EXERCISE INSTRUCTIONS:
Would you reproduce exactly the lines below from the one holding "Young woman happily" through the one holding "terrace, unhygienic, armchair", inclusive, and no others?

INPUT MATERIAL:
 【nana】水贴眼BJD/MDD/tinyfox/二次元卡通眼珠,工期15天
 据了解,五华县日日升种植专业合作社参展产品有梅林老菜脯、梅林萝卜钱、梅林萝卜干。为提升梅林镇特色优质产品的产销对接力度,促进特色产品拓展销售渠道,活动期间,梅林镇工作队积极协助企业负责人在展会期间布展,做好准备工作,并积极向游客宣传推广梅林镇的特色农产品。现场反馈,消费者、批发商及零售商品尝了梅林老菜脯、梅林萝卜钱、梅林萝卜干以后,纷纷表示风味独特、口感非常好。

==

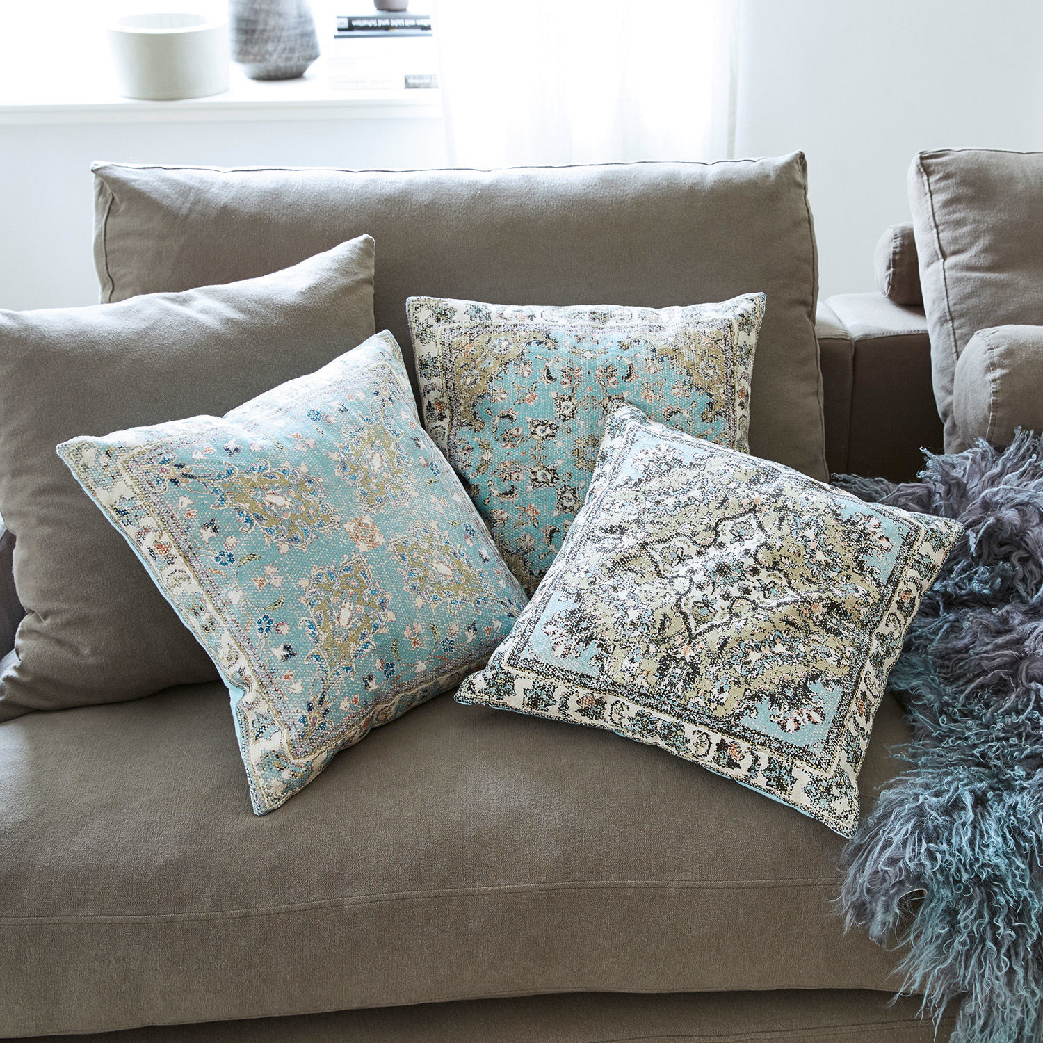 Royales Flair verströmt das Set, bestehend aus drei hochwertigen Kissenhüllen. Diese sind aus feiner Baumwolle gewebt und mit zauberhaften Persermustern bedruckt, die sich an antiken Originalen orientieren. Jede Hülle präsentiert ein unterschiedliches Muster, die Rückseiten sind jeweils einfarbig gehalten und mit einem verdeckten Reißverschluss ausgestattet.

---

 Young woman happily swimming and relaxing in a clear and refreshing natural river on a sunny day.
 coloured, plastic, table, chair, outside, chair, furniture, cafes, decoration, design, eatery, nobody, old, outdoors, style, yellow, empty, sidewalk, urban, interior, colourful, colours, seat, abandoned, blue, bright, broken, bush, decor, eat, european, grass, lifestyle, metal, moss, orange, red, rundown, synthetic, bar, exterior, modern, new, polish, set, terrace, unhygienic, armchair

RESULT:
 Young woman happily swimming and relaxing in a clear and refreshing natural river on a sunny day.
 coloured, plastic, table, chair, outside, chair, furniture, cafes, decoration, design, eatery, nobody, old, outdoors, style, yellow, empty, sidewalk, urban, interior, colourful, colours, seat, abandoned, blue, bright, broken, bush, decor, eat, european, grass, lifestyle, metal, moss, orange, red, rundown, synthetic, bar, exterior, modern, new, polish, set, terrace, unhygienic, armchair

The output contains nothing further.